Top of Records for this exercise

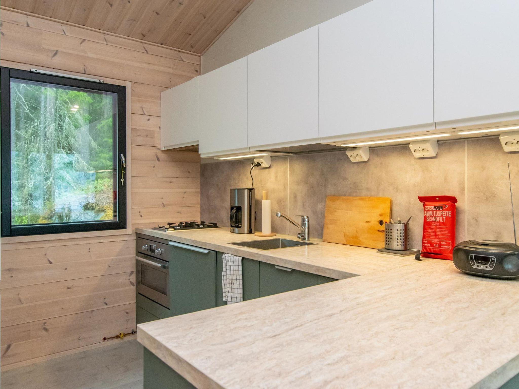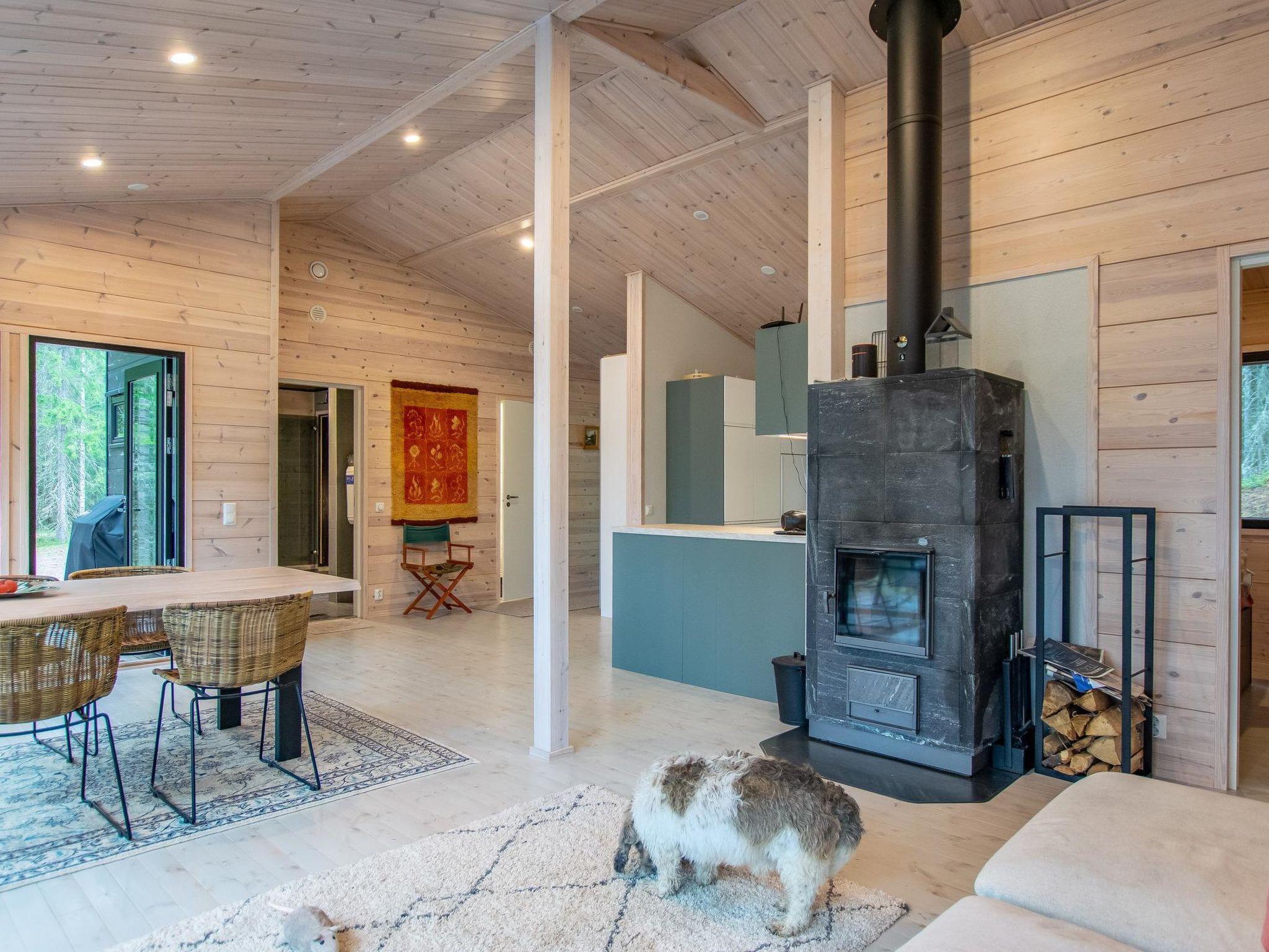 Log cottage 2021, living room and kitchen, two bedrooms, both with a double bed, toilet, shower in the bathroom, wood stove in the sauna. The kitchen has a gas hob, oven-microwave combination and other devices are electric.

Bottom of Records for this exercise
Top of Records for this exercise

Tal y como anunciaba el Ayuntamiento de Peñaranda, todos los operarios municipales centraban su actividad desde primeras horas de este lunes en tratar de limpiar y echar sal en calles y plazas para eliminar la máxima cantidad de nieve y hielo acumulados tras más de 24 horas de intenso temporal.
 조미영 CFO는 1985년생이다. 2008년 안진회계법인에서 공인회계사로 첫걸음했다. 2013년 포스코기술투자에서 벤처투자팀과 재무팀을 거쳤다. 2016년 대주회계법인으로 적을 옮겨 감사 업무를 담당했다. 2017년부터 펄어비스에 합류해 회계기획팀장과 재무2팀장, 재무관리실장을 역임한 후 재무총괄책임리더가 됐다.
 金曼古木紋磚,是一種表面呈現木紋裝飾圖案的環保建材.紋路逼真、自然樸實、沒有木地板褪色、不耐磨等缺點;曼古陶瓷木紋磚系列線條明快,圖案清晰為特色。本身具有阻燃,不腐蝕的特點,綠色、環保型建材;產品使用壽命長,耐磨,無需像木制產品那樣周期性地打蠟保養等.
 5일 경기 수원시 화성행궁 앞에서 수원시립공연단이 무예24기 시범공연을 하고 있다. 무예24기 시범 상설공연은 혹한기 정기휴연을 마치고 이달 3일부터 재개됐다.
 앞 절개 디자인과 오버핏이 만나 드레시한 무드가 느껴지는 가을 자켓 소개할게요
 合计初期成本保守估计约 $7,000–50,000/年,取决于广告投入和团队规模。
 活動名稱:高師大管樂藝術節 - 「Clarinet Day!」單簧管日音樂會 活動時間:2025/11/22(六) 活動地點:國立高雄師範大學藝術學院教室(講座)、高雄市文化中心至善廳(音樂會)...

Bottom of Records for this exercise

» **Aim of the task**:
The required output is every line above from the one with "金曼古木紋磚,是一種表面呈現" down to the one with "合计初期成本保守估计约 $7", restated word for word, ends included.

» **Result of this exercise**:
 金曼古木紋磚,是一種表面呈現木紋裝飾圖案的環保建材.紋路逼真、自然樸實、沒有木地板褪色、不耐磨等缺點;曼古陶瓷木紋磚系列線條明快,圖案清晰為特色。本身具有阻燃,不腐蝕的特點,綠色、環保型建材;產品使用壽命長,耐磨,無需像木制產品那樣周期性地打蠟保養等.
 5일 경기 수원시 화성행궁 앞에서 수원시립공연단이 무예24기 시범공연을 하고 있다. 무예24기 시범 상설공연은 혹한기 정기휴연을 마치고 이달 3일부터 재개됐다.
 앞 절개 디자인과 오버핏이 만나 드레시한 무드가 느껴지는 가을 자켓 소개할게요
 合计初期成本保守估计约 $7,000–50,000/年,取决于广告投入和团队规模。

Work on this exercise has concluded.